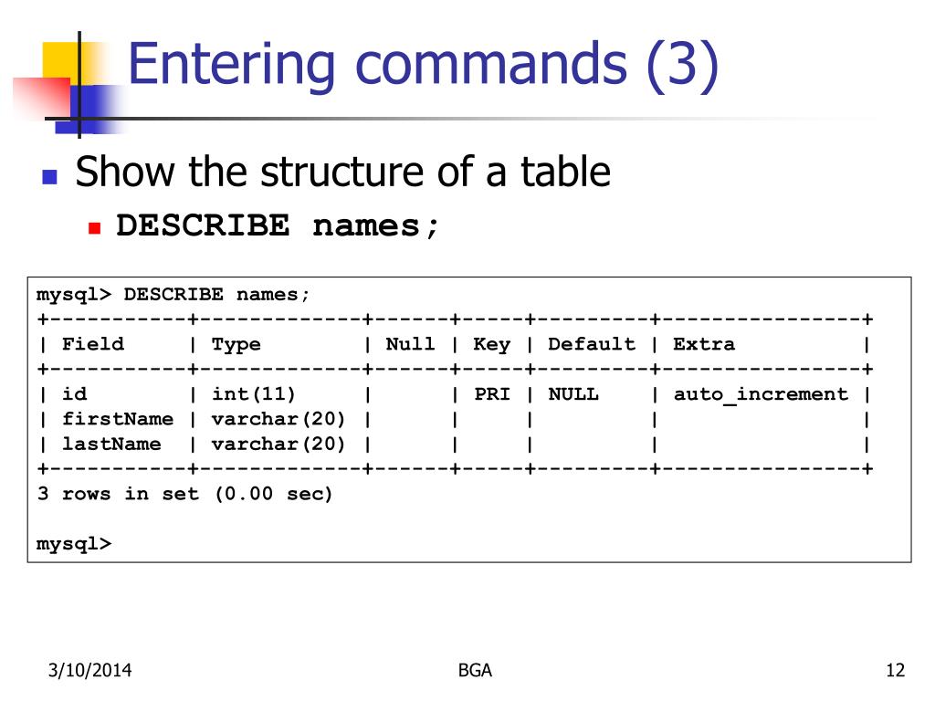 Entering commands (3) • Show the structure of a table • DESCRIBE names; mysql> DESCRIBE names;+-----------+-------------+------+-----+---------+----------------+| Field | Type | Null | Key | Default | Extra |+-----------+-------------+------+-----+---------+----------------+| id | int(11) | | PRI | NULL | auto_increment || firstName | varchar(20) | | | | || lastName | varchar(20) | | | | |+-----------+-------------+------+-----+---------+----------------+3 rows in set (0.00 sec)mysql> BGA
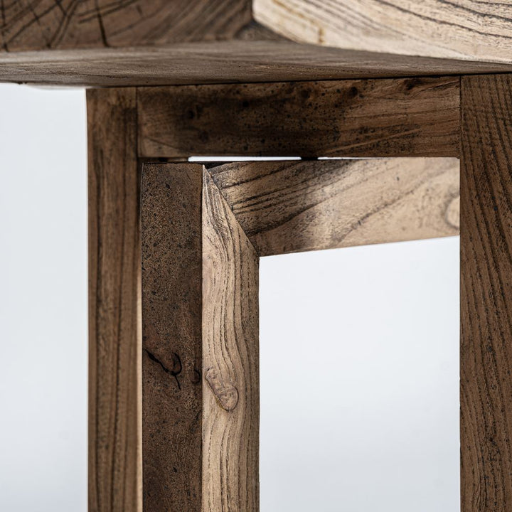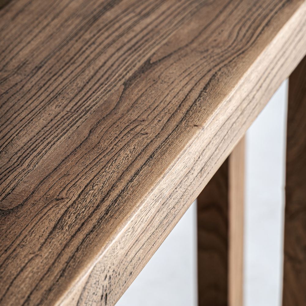 NOTE: Legno massello riciclato, finitura naturale marrone, dimensioni 200×40×76 cm, peso 28,4 kg, piano spesso 6 cm, gambe 6×5×70 cm, distanza tra gambe 123 cm, portata 50 kg, prodotto smontabile, lavorazione artigianale.
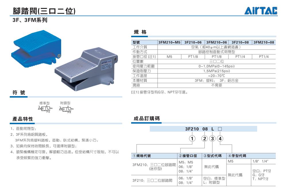 AirTAC亚德客脚踏阀3F210-06,3F210-08,3FM210-M5,3FM210-06,3FM210-08,3F210-06L,3F210-08L
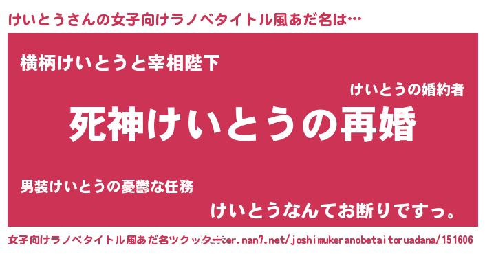| ヒーロー風カッコイイあだ名 | 『天空の使者けいとう』『ネオケイトウ』 |
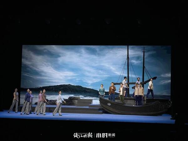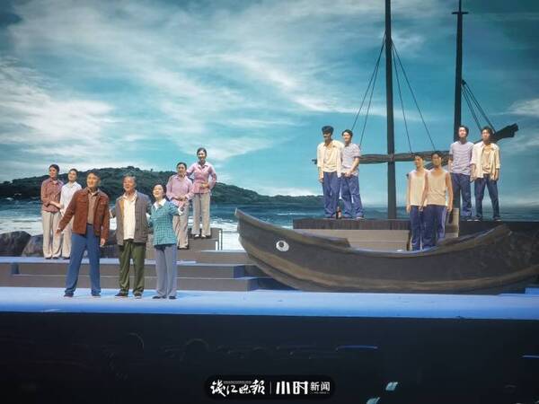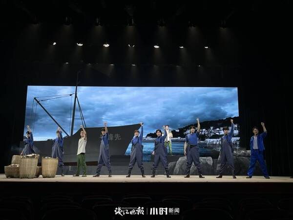 《渔老大》线上首演前几天,小时新闻记者在象山剧院现场观看了该剧的录播。近百名主创团队和演员在这里彩排了近一个月,从灯光、舞台、表演、唱词……导演一遍遍喊停,一遍遍修改完善,力求达到最好的艺术效果。
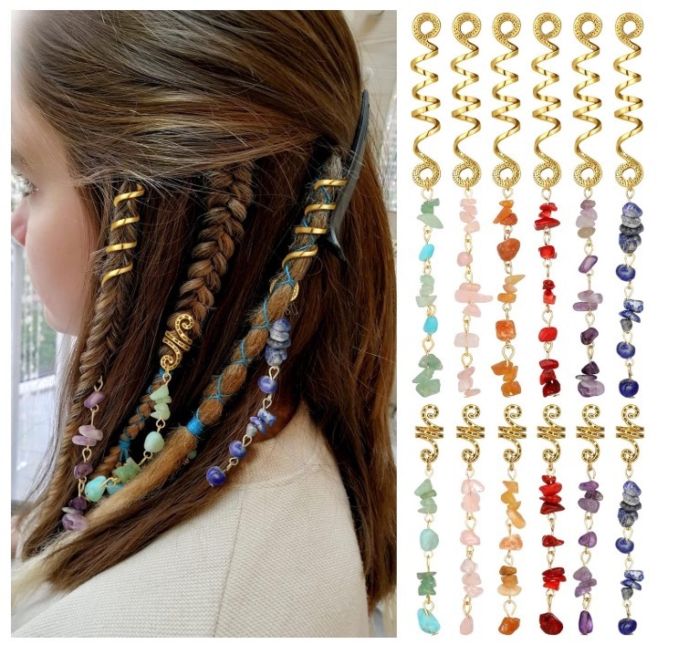 유럽과 미국의 성격 과장된 꼰 헤어 로프 개인화 된 천연석 펜던트 헤어 링 에스닉 스타일 헤드 로프 더러운 브레이드 레트로 머리핀스토어 가기
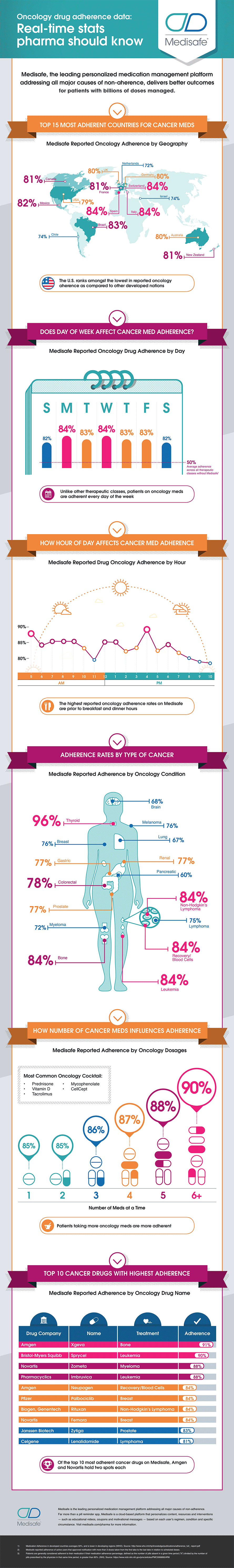- Of the top 10 most adherent cancer drugs on Medisafe, Amgen and Novartis hold two spots each
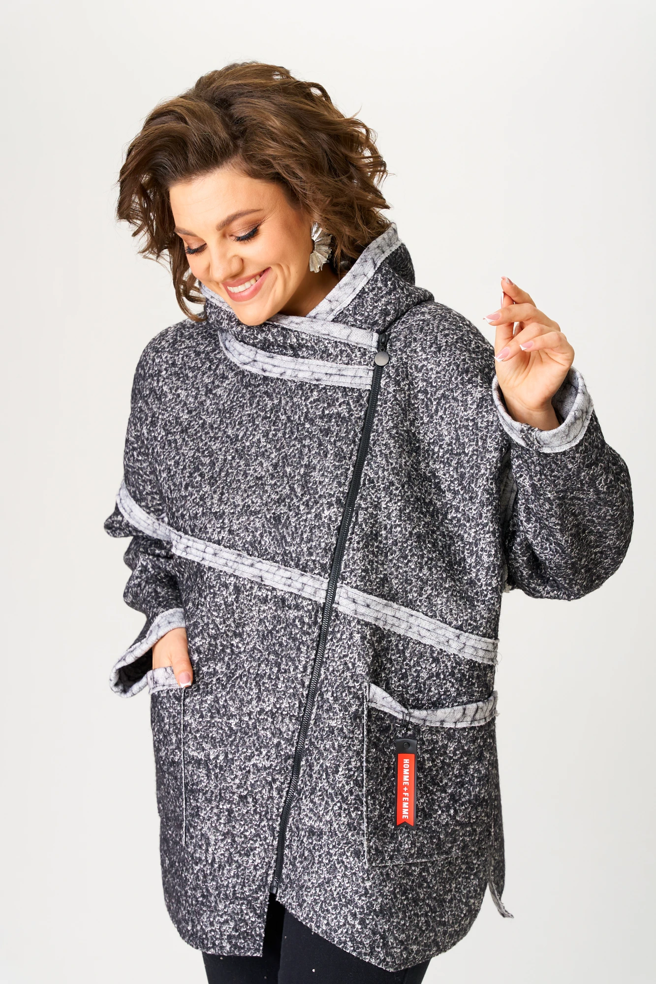 Женское полупальто для повседневной носки выполнено из тонкой шерстяной пальтовой ткани. Полупальто свободного кроя с капюшоном, внутренняя часть которого выполнена из контрастной ткани. Также из контрастной ткани выполнены и дополнительные элементы на изделии. Плечо спущенное, рукав длинный втачной. Перед изделия с асимметричной косой застежкой на разъемную тесьму-молнию. Спинка прямая цельная. Полупальто украшено рельефными швами срезами наружу. По переду накладные карманы, на одном из которых в качестве декора используется съемный брелок. Низ изделия разноуровневый с необработанным краем. Полупальто смело сочетается с любым низом (юбка, брюки, джинсы) и обувью. Длина по спинке 75 см, длина рукава от горловины 74 см. Изделие подойдет на рост 170 см.

* EXERCISE GOAL: Omit the pictures and set down the records exactly.

* EXERCISE ANSWER:
 Entering commands (3) • Show the structure of a table • DESCRIBE names; mysql> DESCRIBE names;+-----------+-------------+------+-----+---------+----------------+| Field | Type | Null | Key | Default | Extra |+-----------+-------------+------+-----+---------+----------------+| id | int(11) | | PRI | NULL | auto_increment || firstName | varchar(20) | | | | || lastName | varchar(20) | | | | |+-----------+-------------+------+-----+---------+----------------+3 rows in set (0.00 sec)mysql> BGA
 NOTE: Legno massello riciclato, finitura naturale marrone, dimensioni 200×40×76 cm, peso 28,4 kg, piano spesso 6 cm, gambe 6×5×70 cm, distanza tra gambe 123 cm, portata 50 kg, prodotto smontabile, lavorazione artigianale.
 AirTAC亚德客脚踏阀3F210-06,3F210-08,3FM210-M5,3FM210-06,3FM210-08,3F210-06L,3F210-08L
| ヒーロー風カッコイイあだ名 | 『天空の使者けいとう』『ネオケイトウ』 |
 《渔老大》线上首演前几天,小时新闻记者在象山剧院现场观看了该剧的录播。近百名主创团队和演员在这里彩排了近一个月,从灯光、舞台、表演、唱词……导演一遍遍喊停,一遍遍修改完善,力求达到最好的艺术效果。
 유럽과 미국의 성격 과장된 꼰 헤어 로프 개인화 된 천연석 펜던트 헤어 링 에스닉 스타일 헤드 로프 더러운 브레이드 레트로 머리핀스토어 가기
- Of the top 10 most adherent cancer drugs on Medisafe, Amgen and Novartis hold two spots each
 Женское полупальто для повседневной носки выполнено из тонкой шерстяной пальтовой ткани. Полупальто свободного кроя с капюшоном, внутренняя часть которого выполнена из контрастной ткани. Также из контрастной ткани выполнены и дополнительные элементы на изделии. Плечо спущенное, рукав длинный втачной. Перед изделия с асимметричной косой застежкой на разъемную тесьму-молнию. Спинка прямая цельная. Полупальто украшено рельефными швами срезами наружу. По переду накладные карманы, на одном из которых в качестве декора используется съемный брелок. Низ изделия разноуровневый с необработанным краем. Полупальто смело сочетается с любым низом (юбка, брюки, джинсы) и обувью. Длина по спинке 75 см, длина рукава от горловины 74 см. Изделие подойдет на рост 170 см.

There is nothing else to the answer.